Channel Bandwidth & Copper vs Fiber Media:

Brad noted what many transmission experts have already observed: as bit rates continue to increase, we are approaching Shannon’s limit for the bandwidth of a given channel.  To increase channel capacity, we need to either increase the bandwidth of the channel or improve the Signal to Noise (S/N) ratio.  However, as the bit rate increases over copper or fiber media, the S/N ratio decreases.  Therefore, the bandwidth of the channel needs to improve.

“Don’t ever count out copper” is a common phrase.  Copper media bandwidth has continued to increase over both short (intra-chasis/rack), medium (up to 100m), and longer distances (e.g. Vectored DSL/G.fast up to 5.5 km).   While copper cable has a much higher signal loss than optical fiber, it’s inexpensive and benefits from not having to do Electrical to Optical (Server transmit), Optical to Electrical (Server receive), and Optical to Electrical to Optical (OEO – for a switch) conversions which are needed when fiber optics cable is used as the transmission media.

Fiber Optics is a much lower loss media than copper with significantly higher bandwidth.  However, as noted in a recent ComSoc Community blog post, Bell Labs said optical channel speeds are approaching the Shannon capacity limits.  

Brad said there’s minimal difference in the electronics associated with fiber transmission, with the exception of the EO, OE or OEO conversions needed.

A current industry push to realize a cost of under $1 per G b/sec of speed, would enable on board optics to strongly compete with copper based transmission in a mega data center (cloud computing and/or large network service providers).

Optics to the Server:

For sure, fiber optics is a more reliable and speed scalable medium than copper.  Assuming the cost per G decreases to under $1 as expected, there are operational challenges in running fiber optics (rather than twin ax copper) to/from (Compute) servers and (Ethernet) switches.   They include: installation, thermal/power management, and cleaning.

In the diagram below, each compute server rack has a Top of Rack (ToR) switch which connects to two Tier 1 switches for redundancy and possible load balancing.  Similarly, each Tier 1 switch interconnects with two Tier 2 switches, also shown in the diagram below:

Figure (courtesy of Microsoft) illustrates various network segments within a contemporary Mega Data Center which uses optical cables between a rack of compute servers and a Tier 1 switch, and longer distance optical interconnects (at higher speeds) for switch to switch communications.  

Brad suggested that a new switch/server topology would be in order when there’s a large scale move from twinax copper direct attach cables to fiber optics.  The server to Top of Rack (ToR) switch topology would be replaced by a distributed mesh topology where Tier 1 Switches (first hop to/from server) connect to a rack of servers via fiber optical cable.  Brad said Single Mode Fiber (SMF), which had previously been used primarily in WANs, was a better choice than Multi Mode Fiber (MMF) for intra Data Center interconnects up to 500M.  Katherine Schmidke of Facebook said the same thing at events that were summarized at this blog site.
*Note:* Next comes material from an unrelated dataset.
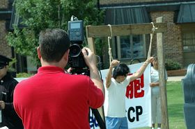 ![]() WCBI电视台记者在拍摄中共的吊打酷刑演示。 |

Using SMF at those distances, the Tier 1 switch could be placed in a centralized location, rather than today’s ToR switches.  A key consideration for this distributed optical interconnection scenario is to move the EO and OE conversion implementation closer to the ASIC used for data communications within each optically interconnected server and switch.
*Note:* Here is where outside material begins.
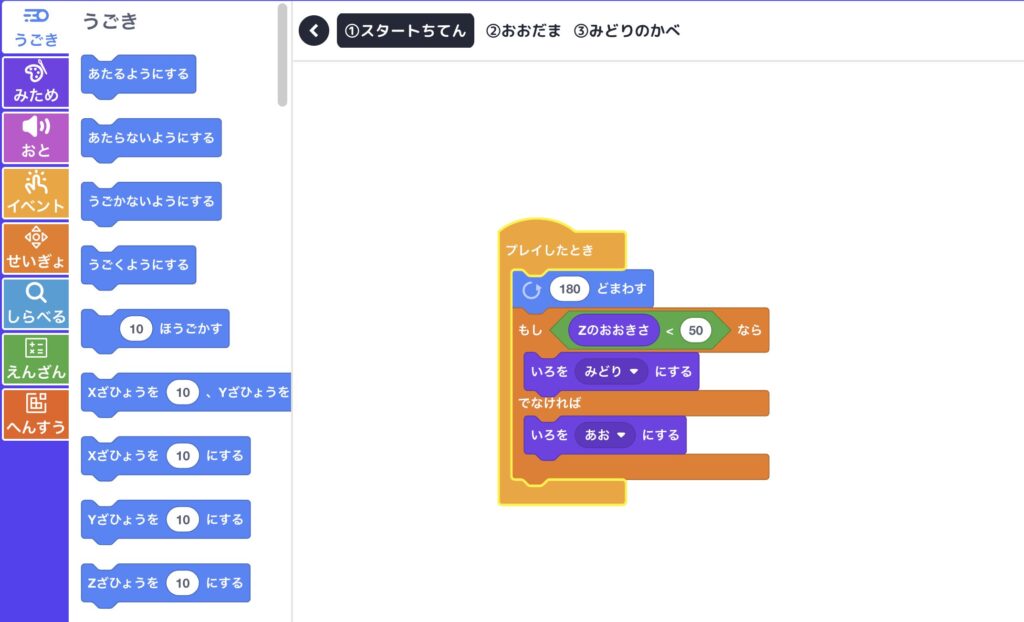 - ブロックでつくる(初心者向け):ビジュアルプログラミング。ブロック操作をすることでタイピングいらずで簡単に操作ができます。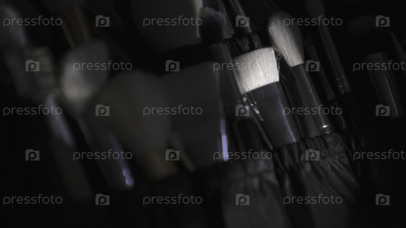 Многие разные косметические кисти под тусклым светом и фонариком, концепция индустрии красоты

Another advantage of on board optics is shorter PCB (printed circuit board) trace lengths which increases reliability and circuit density while decreasing signal loss (which increases with distance).  

However, optics are very temperature sensitive.  Ideally they operate best at temperatures of <70 degrees Fahrenheit. Enhanced thermal management techniques will be necessary to control the temperature and heat generated by power consumption.
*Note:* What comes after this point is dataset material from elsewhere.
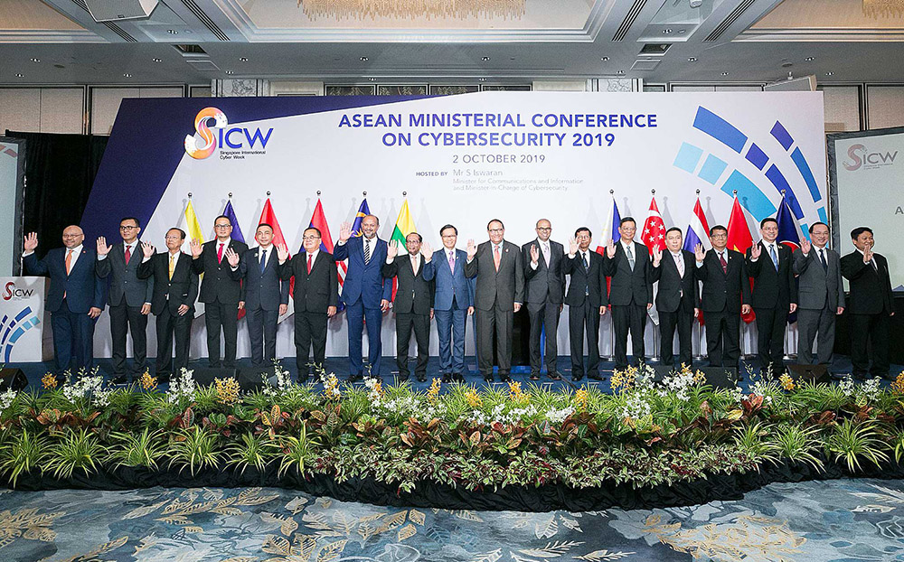 Lãnh đạo các nước thành viên tham dự Hội nghị Bộ trưởng về An ninh không gian mạng ASEAN (AMCC) lần thứ tư tại Singapore, ngày 2/10/2019. Ảnh: csa.gov.sg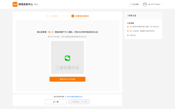 选择注册主体类型(企业/个体工商户),随后上传营业执照及法人代表身份证照片,并进行实名认证。

Industry Preparedness for Optical Interconnects:

• The timeline will be drive by I/O technology: speed vs power vs cost.  
• At OFC 2016, a 100Gb/sec PAM 4 (pulse amplitude modulation with 4 discrete levels/dimensions per signal element) was successfully demonstrated.
• Growing cloud computing market should give rise to a huge volume increase in cloud resident compute servers and the speeds at which they’re accessed.
• For operations, a common standardized optics design is greatly preferred to a 1 of a kind “snowflake” type of implementation. Simplified installation (and connectivity) is also a key requirement.
• Optics to the compute server enables a more centralized switching topology which was the mainstay of local area networking prior to 10G b/sec Ethernet. It enables an architecture where the placement of the ToR or Tier 0 switch is not dictated by the physical medium (the Direct Access Copper/twin-ax cabling).
• The Consortium for On-Board Optics (COBO) is a 45 member-driven standards-setting organization developing specifications for interchangeable and interoperable optical modules that can be mounted onto printed circuit boards.

COBO was founded to develop a set of industry standards to facilitate interchangeable and interoperable optical modules that can be mounted or socketed on a network switch or network controller motherboard. Modules based on the COBO standard are expected to reduce the size of the front-panel optical interfaces to facilitate higher port density and also to be more power efficient because they can be placed closer to the network switch chips.

Is the DC Market Ready for Optics to the Server?

That will depend on when all the factors itemized above are realized.  In this author’s opinion, cost per G b/sec transmitted will be the driving factor.  If so, then within the next 12 to 18 months we’ll see deployments of SMF based optical interconnects between servers and the Tier 1 switches at up to 500m distance in cloud and large service provider data centers (DCs).

Of course, as the server to Tier 1 switch distance extends to up to 500m (from very short distance twin ax connections), there’s a higher probability of a failure or defect.  While fault detection, isolation and repair are important issues in any network, they’re especially urgent for hyper-scale data centers.  Because such DCs are designed for redundancy of key network elements, a single failure is not as catastrophic.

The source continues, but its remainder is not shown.